First: 'the most important job in the world'.

You can argue the Hell out of that but let's go with it. So, isn't it the conservative crowd who always claim that the managers in the private sector deserve their big salaries & bonuses because they are uniquely qualified to do these important jobs - and if women are uniquely qualified to do the even bigger Most-Important-Job-In-the-World, where are their seven figure salaries & bonuses? (Yes, we know the answer.)

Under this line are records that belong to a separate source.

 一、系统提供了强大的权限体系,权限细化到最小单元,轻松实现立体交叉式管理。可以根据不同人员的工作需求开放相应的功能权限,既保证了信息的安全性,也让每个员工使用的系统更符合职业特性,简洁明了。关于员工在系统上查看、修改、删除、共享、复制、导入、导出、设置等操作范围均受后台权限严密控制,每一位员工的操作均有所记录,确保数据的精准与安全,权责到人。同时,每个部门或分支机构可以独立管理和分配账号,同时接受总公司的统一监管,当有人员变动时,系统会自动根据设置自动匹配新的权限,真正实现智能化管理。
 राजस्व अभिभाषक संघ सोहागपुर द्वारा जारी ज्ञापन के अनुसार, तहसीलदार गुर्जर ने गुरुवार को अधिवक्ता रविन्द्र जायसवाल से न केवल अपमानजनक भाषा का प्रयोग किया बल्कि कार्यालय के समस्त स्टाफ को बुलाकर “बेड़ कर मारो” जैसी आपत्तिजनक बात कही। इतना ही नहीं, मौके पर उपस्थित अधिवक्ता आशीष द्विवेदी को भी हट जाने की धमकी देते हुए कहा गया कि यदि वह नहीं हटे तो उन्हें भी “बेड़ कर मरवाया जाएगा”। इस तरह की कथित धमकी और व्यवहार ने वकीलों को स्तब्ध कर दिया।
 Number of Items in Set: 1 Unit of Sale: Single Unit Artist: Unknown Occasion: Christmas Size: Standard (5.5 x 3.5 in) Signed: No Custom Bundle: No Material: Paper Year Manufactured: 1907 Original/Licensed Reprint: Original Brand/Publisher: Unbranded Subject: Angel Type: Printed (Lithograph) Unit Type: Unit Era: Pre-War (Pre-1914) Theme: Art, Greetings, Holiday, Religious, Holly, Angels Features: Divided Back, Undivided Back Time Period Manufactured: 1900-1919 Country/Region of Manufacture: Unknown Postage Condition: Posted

As for individual men; I'm bitter and angry and so-fucking-tired-of-this-bullshit but not at all surprised. People like their privileges. Ask most people if they want better welfare & healthcare and they say 'Yeah, good idea' but they don't want to pay any extra tax themselves to achieve it. People like the idea of a clean environment but not if they can't drive their car everywhere or fly five times a year (for whatever reason) or even wear a goddamn sweater or coat instead of turning on the outdoor heater... et fucking cetera.

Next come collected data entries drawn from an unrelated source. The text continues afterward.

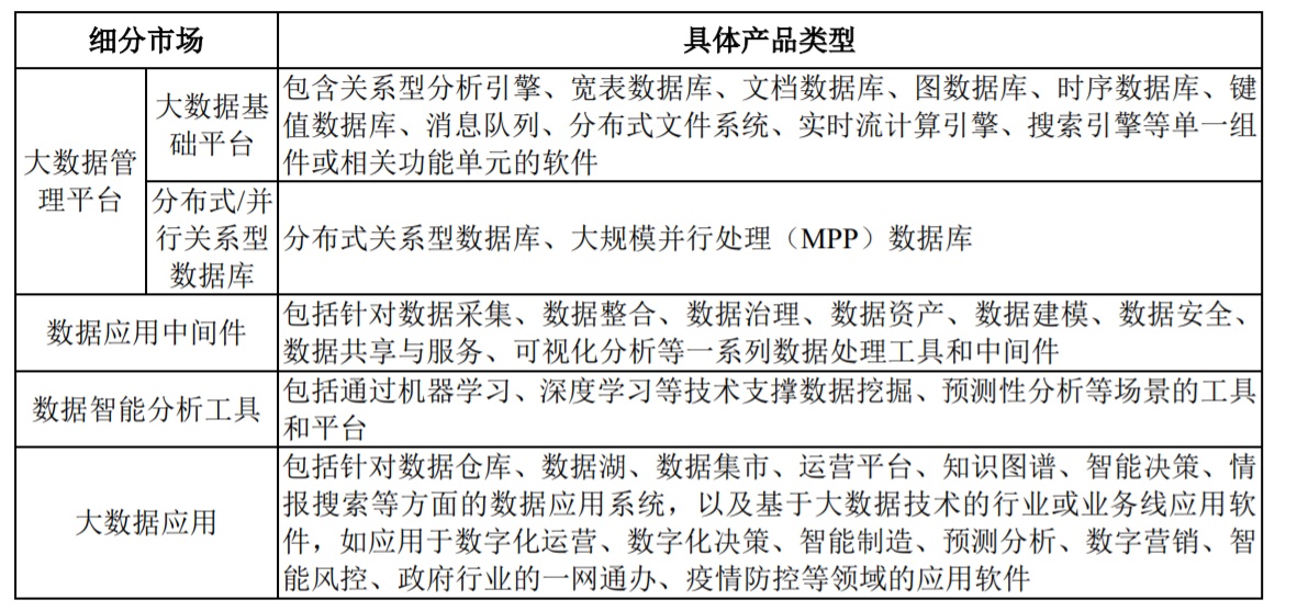 其中,软件产品与技术服务已形成了包括大数据与云基础软件、分布式关系型数据库、数据开发与智能分析工具的软件产品矩阵,覆盖数据的集成、存储、治理、建模、分析、挖掘和流通等的数据全生命周期。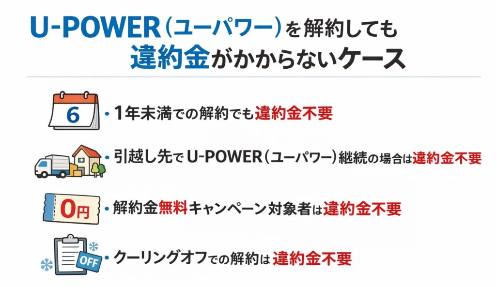 U-POWER(ユーパワー)を解約しても間違い約金がかからないケース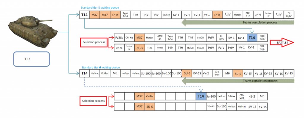 SPG车辆总是最先加入队列。在那之后,“MM”将开始寻找坦克,以填补剩下的空位。高权重车(顶级车)在火炮之后加入队列。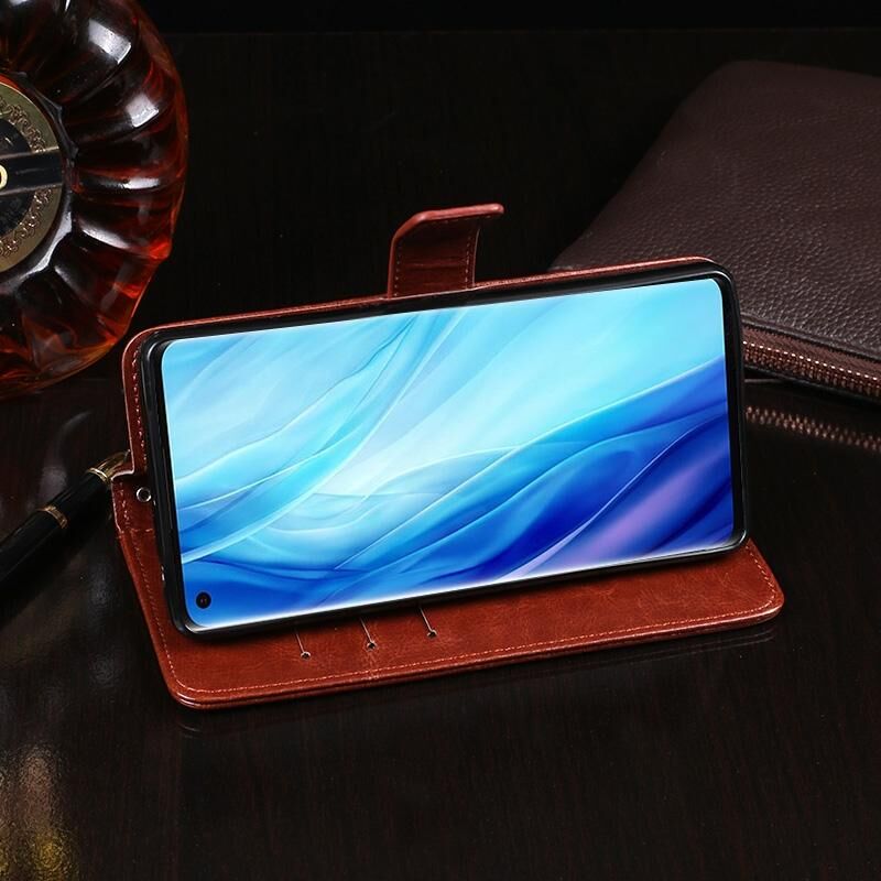 Θήκη δέρματος οριζόντιας αναδίπλωσης με υφή Crazy Horse για OPPO Reno4 Pro idewei με βάση & υποδοχές καρτών & πορτοφόλι (Μαύρο) (idewei)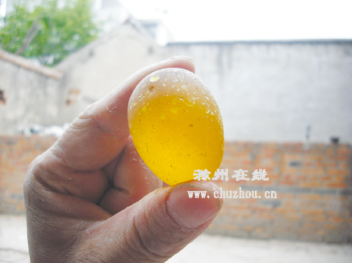 俗语说“鸡蛋碰不过石头”,但天长市金集镇王先生家母鸡下的一颗鸡蛋却和石头一样硬,“通体金黄,怎么敲击都不会碎,敲打时还会发出像石头一样的‘梆梆’声。”王先生称家里的母鸡从来没下过这样的蛋,周围邻居见了都感觉很奇怪。记者随后咨询了安徽科技学院的王力克教授,王教授称可能是母鸡产蛋时发生病变,蛋壳没有包裹住蛋黄,蛋黄缺少水分长时间存留在母鸡体内形成的。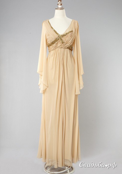 Романтичное вечернее платье из лёгкого шифона. Глубокий V-образный вырез украшен оригинальной асимметричной драпировкой и тесьмой из сверкающих стразов. Длинные свободные рукава смотрятся изысканно и нежно. Широкая мягкая юбка спокойными волнами ниспадает на пол. Уточнить информацию о наличии платья Вы можете, позвонив в наш салон. Тел.: (495) 691-6169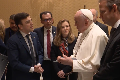 Aliel entrega homenagem em audiência com Papa Francisco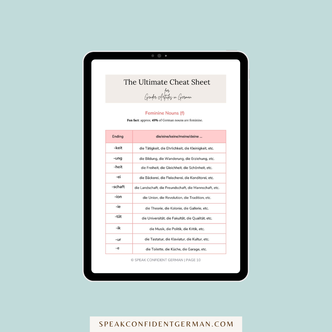 This worksheet includes mnemonic and association techniques, and a cheat sheet you can use to learn German gender articles.
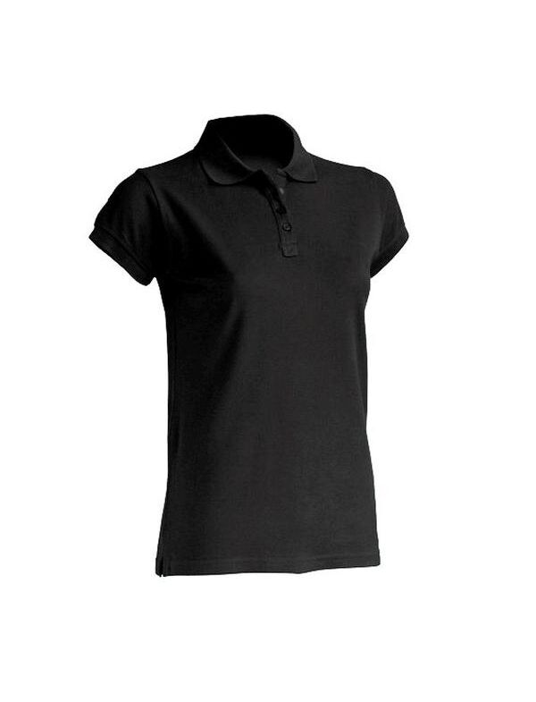 Классическая женская футболка-поло с короткими рукавами небольшими боковыми разрезами и с застежкой на 3 пуговицы.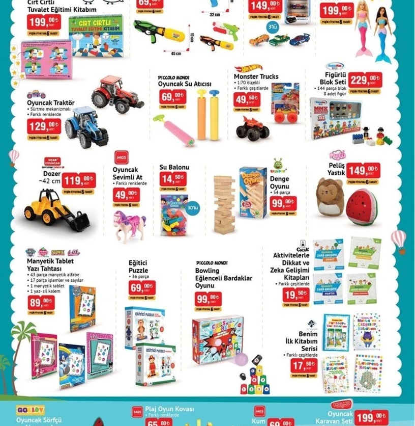 23 Mayıs 2024 Perşembe 21:06Yükselen Zeka Cırt Cırtlı Tuvalet Eğitimi Kitabım - 199 TL Oyuncak Su Atıcısı - 69 TL Arabalar - 149 TL Hot Wheels Monster Trucks - 49,50 TL Uçar Oyuncak Dozer - 119 TL Su Balonu - 49 TL Eğitici Puzzle - 69 TL MGS Kum Oyuncakları - 69 TL MGS Oyuncak Karavan Seti - 199 TL İşte ayrıntılı liste...Devam etmek için resme dokunarak lütfen diğer sayfaya geçiniz.

So most individual men will not lift a finger (doing the cooking or the washing up or even playing with their own goddamn children) to help their partners, let alone take a hit professionally.

Time for hard truths: most men don't find their partners and their hopes and happiness and ambitions all that important. Sure, they love their wives and girlfriends, as long as it's not too much effort. You know, all those fuckheads who throw no longer wanted or too troublesome pets out of the car? That's, in only VERY slightly hyperbolic terms, your average guy when it comes to their partners.

All right, end of rant - but Jesus, this shit pisses me off.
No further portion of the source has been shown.